When, one generation ago, the Cold War was suddenly over, Europe faced a challenge: East and West shared what is, historically speaking, a new and unusual state of mind: the conviction that a recent, deeply compromised past was crucial to who they were. But they did not see eye to eye on the meaning of that past.
Now the war in Ukraine is turning into a catalyst for accelerated paradigm shift. Insisting on understanding World War II solely as the valiant fight against Nazism to which the Soviet Union contributed decisively at horrendous cost, Putin’s regime, fond of crude propaganda, seeks to exploit its idea of a Good War as cover for its current aggression. This strategy tends to credit only Russia with Soviet achievements and to trump up even Stalin as a symbol of patriotic statesmanship, glossing over his breathtaking record of violent despotism. Unfortunately, it has popular appeal as a recent poll shows. Meanwhile, post-Maidan Ukraine and its supporters, particularly among the former Soviet satellites, emphasize the collusion between Nazism and Stalinism, the evil of Soviet imperialism, and the fact that the sacrifices of defeating Nazism were not borne by Russia alone, but also by the other nations making up the Soviet Union, prominently including Ukraine.

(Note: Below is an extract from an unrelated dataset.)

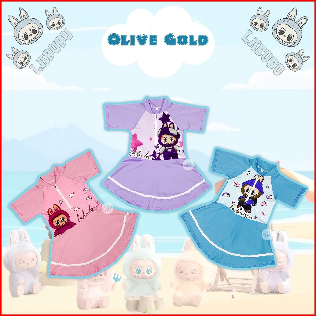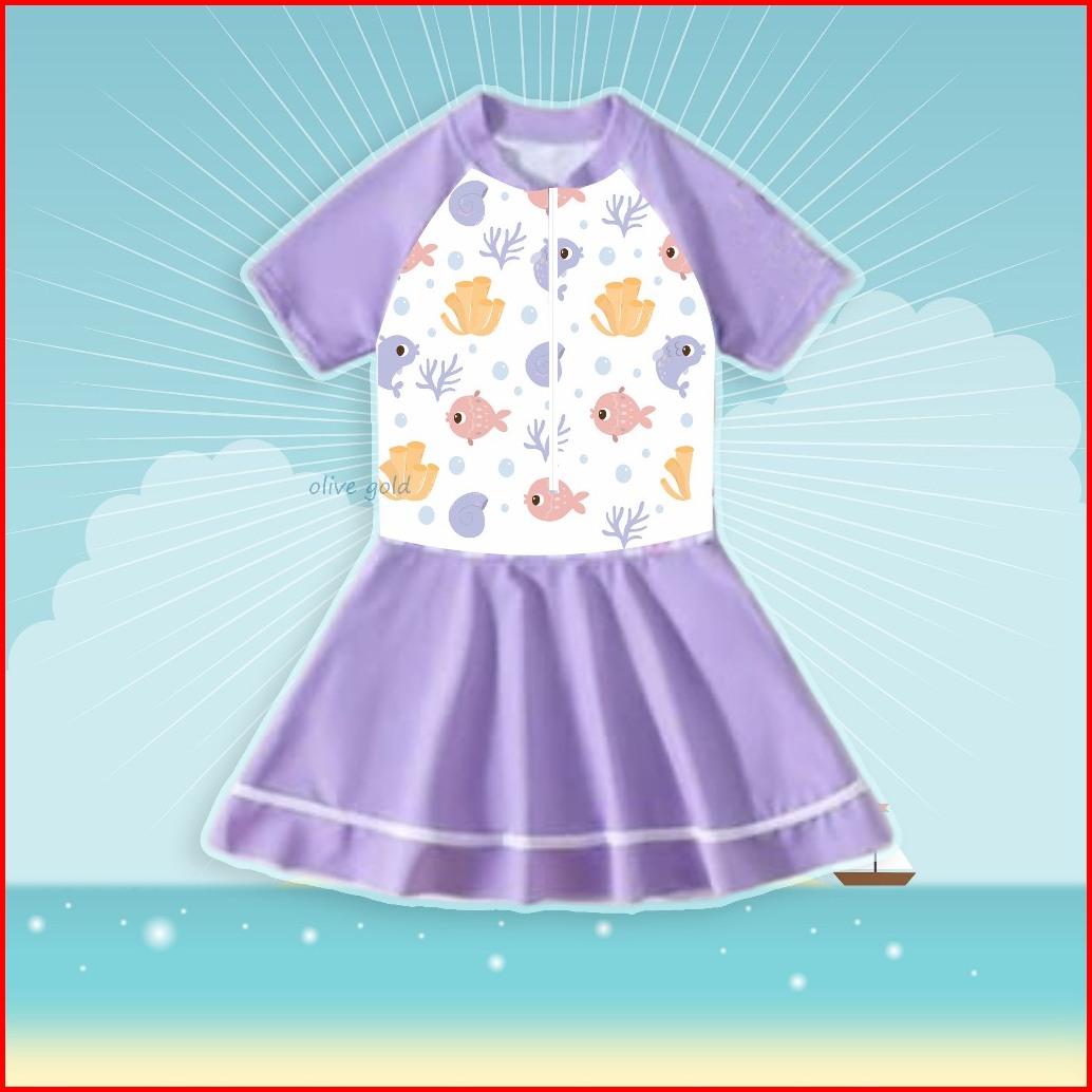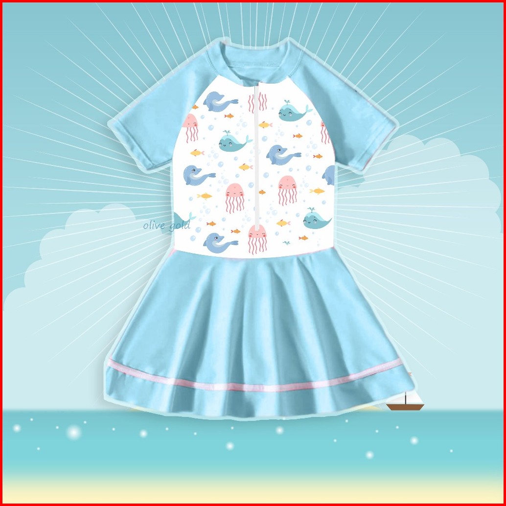 Olive Baju Renang Anak Perempuan Karakter Rok Short Spandek Premium

There’s an irony here: A generation after the Cold War ended, with new confrontation looming, Europe’s foundational memories have received a violent jolt from the East pushing them toward convergence. Putin’s blunt armed aggression is likely to permanently tilt important segments of public opinion in western Europe not only against his regime, but also against its version of history.

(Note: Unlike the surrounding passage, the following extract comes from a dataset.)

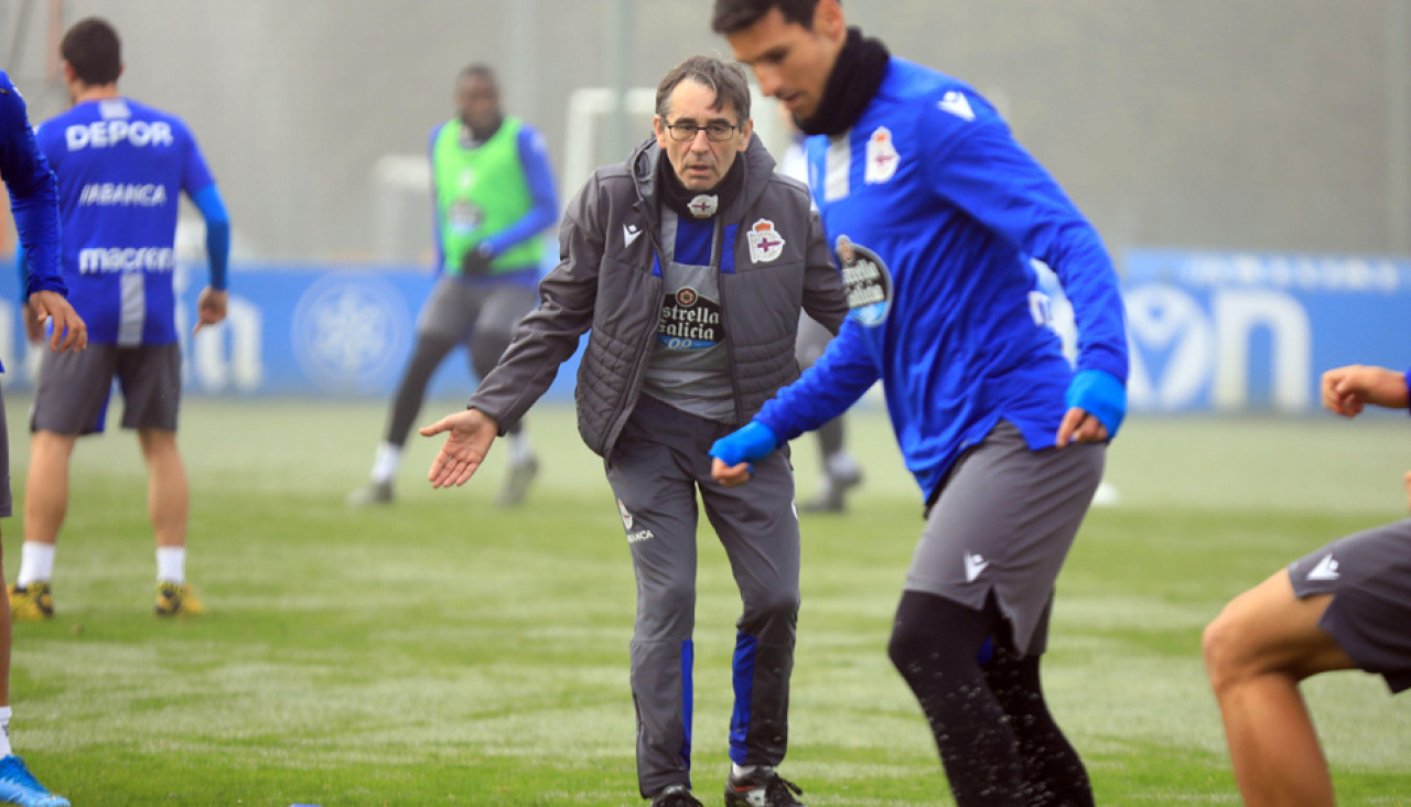 En el centro del campo es donde el estratega deportivista probó alguna variante nueva, bien de cara al once inicial o como posible modificación durante el partido, ya que Vicente actuó en el doble pivote junto a Gaku, con Mollejo y Çolak escorados a las bandas.

This is not a simple happy end, for two reasons. First, it is tempting to confuse Putin and Russia and forget that the latter is a part of Europe too. In the long run, Europe cannot consolidate a shared memory by making Russia its abhorred foil. Secondly, no memory is flawless, and that also goes for the one favored by Ukraine and its supporters. In Ukraine, World War II nationalism, a proudly authoritarian and violent movement with strong anti-Semitic features that engaged in ethnic cleansing, is now officially presented as nothing but a noble national liberation effort. Yet there is no principal difference between whitewashing its leader, Stepan Bandera, into a mere “patriot” in “hard times” and doing the same for Stalin. Indeed, in the name of national unity and to make use of those volunteer fighters who are extreme nationalists and even Neo-Nazis, the Ukrainian government and media are now often turning a blind eye to the far right. Supporters of Ukraine do it no favor by abetting this bias. The present is an intensifying tragedy with a growing potential for catastrophic escalation, also beyond Ukraine. Putin is mobilizing manipulated memories as a weapon. Tacitly condoning a tit-for-tat response in the West offers us nothing except another way to raise the stakes. In a shooting war, memory may not strike us as the most important factor. Yet memory wars will only make finding peace harder.

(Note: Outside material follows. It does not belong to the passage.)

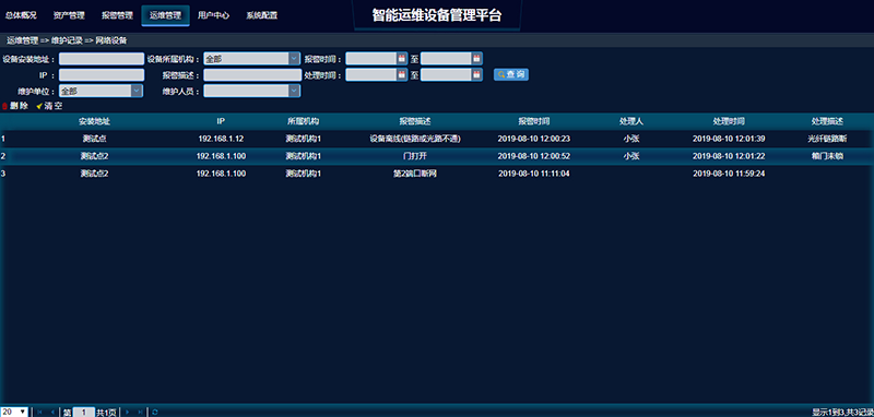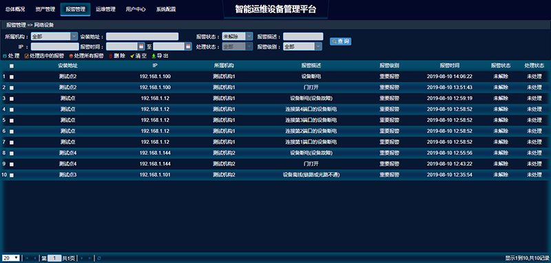 3.5 报警管理模块:显示所有设备故障信息,包括故障内容,报障日期,处理状态。基于前端不同硬件设备,告警内容包含:电口失去连接告警,市电欠压/高压告警,漏电告警,设备掉电告警,市电掉电告警,断网(断纤)告警,相机死机告警,相机掉电告警,门打开告警,水浸告警,补光灯异常告警等;支持邮件或手机APP派单

Tarik Cyril Amar, Assistant Professor, Department of History, Columbia University, has lived and worked for five years in Ukraine. He holds degrees in History and International History from Oxford University, the London School of Economics and Political Science, and Princeton University. His book The Paradox of Ukrainian Lviv: A Borderland City between Nazis, Stalinists, and Nationalists will be published this fall by Cornell University Press. He comments regularly on the crisis in Ukraine.